Tuesday, March 9, 2004

Keep Looking Up

Verena was such fun. The year she lived next door in Kabana, she and Shirley and I had high rubber boots so we could slosh up and down the hill between the front gate and our house. There were two seasons—one called “The Little Rainy Season”, and another called “The Big Rainy Season” when the skies opened and poured down for weeks. Magnificent lightning flashed across the sky, thunder rolled, and we imagined that furniture must have been moving overhead. Best of all was the constant heavy downpour of rain.

Our roof had been partially covered with corrugated sheets with thatch all around. Under this was a layer of “abojeta,” much like cheesecloth. This served to keep the thatch from falling on our heads, but would bulge and swell as the rain poured in. This called for as many pots and pans as we could find to catch the rain. Sometimes, it was possible to puncture an overhanging bulge, which was about to burst. Piercing the bulge with the sharp end of an umbrella prevented catastrophe. All this was made more challenging at night because we did not have electric lights. The rain flooded and paddled and made the mud road up the hill the perfect place to practice running in our knee high boots.

Sleeping with Shirley was painful for both of us and we decided a barbwire fence would help keep our sleeping “territories” safe.
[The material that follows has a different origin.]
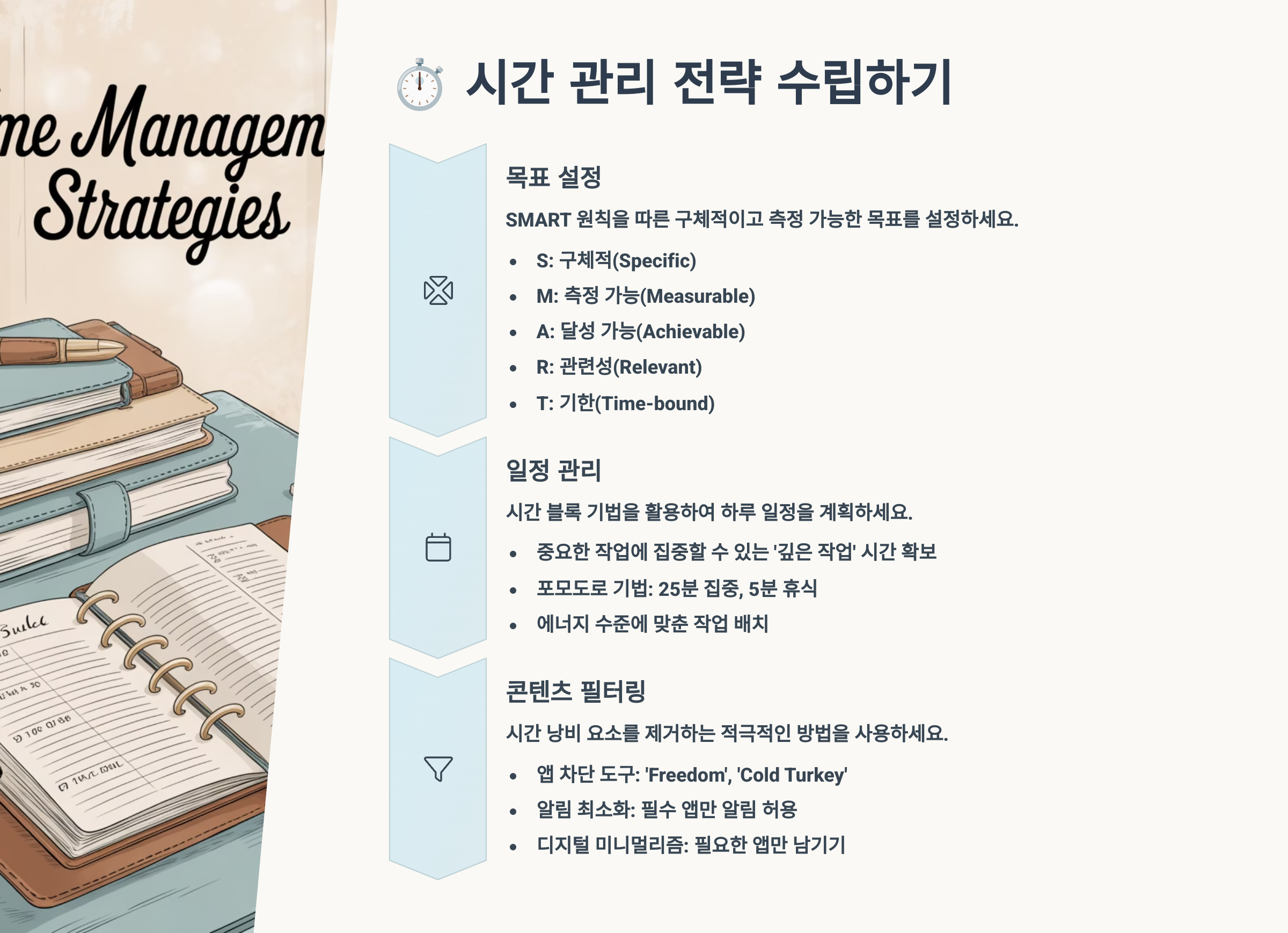 | 시간 블록킹 | 일정을 시간별로 구획화 | 체계적인 하루 관리 |

One thing we all knew about my sister was that she would always wait until the split second before she had to go to the bathroom. The “two-holer” was some distance from the house. While we were in house there was the chamber pot, kept in the narrow room next to the bedroom where our family slept in two double beds. During one of our rainy seasons we were playing with Verena, whom we always called “Butzilie.” A large wardrobe had been built and placed in the one corner of the bedroom. There was a space above the wardrobe, and with the help of a stool placed on a chair, and Butzilie and myself holding all in place, we hoisted Shirley on top of the wardrobe. What fun! She could almost touch the “abojeta.” Suddenly Shirley started to dance. There was no way could she make it down in time; so Butzilie, always inventive, handed the chamber pot up. When my mother came into the bedroom, all she could see was Butzilie lying flat on her back. We were both laughing hysterically. When my Mother asked what was going on, Butzilie pointed upward and the whole situation was made even more hilarious when Shirley turning her back to us.

Shirley was destined for other high places. One day we were with Phyllis at the house next door that had a ten-inch wide cement shelf, such as might be placed over a fireplace. On this occasion, we decided that Shirley would be the perfect “Queen of Sheba.” She looked very elegant in her paper crown and a veil that was improvised from the curtain over the window; there she sat, a queen sit on the cement “throne”! Alas, the reign was short lived. The queen became tangled in her elegant “gown” and came tumbling down. It was lucky that, Phyllis’s father, Dr. Bergman, was available to stitch the Queen’s forehead. Once more, Shirley survived.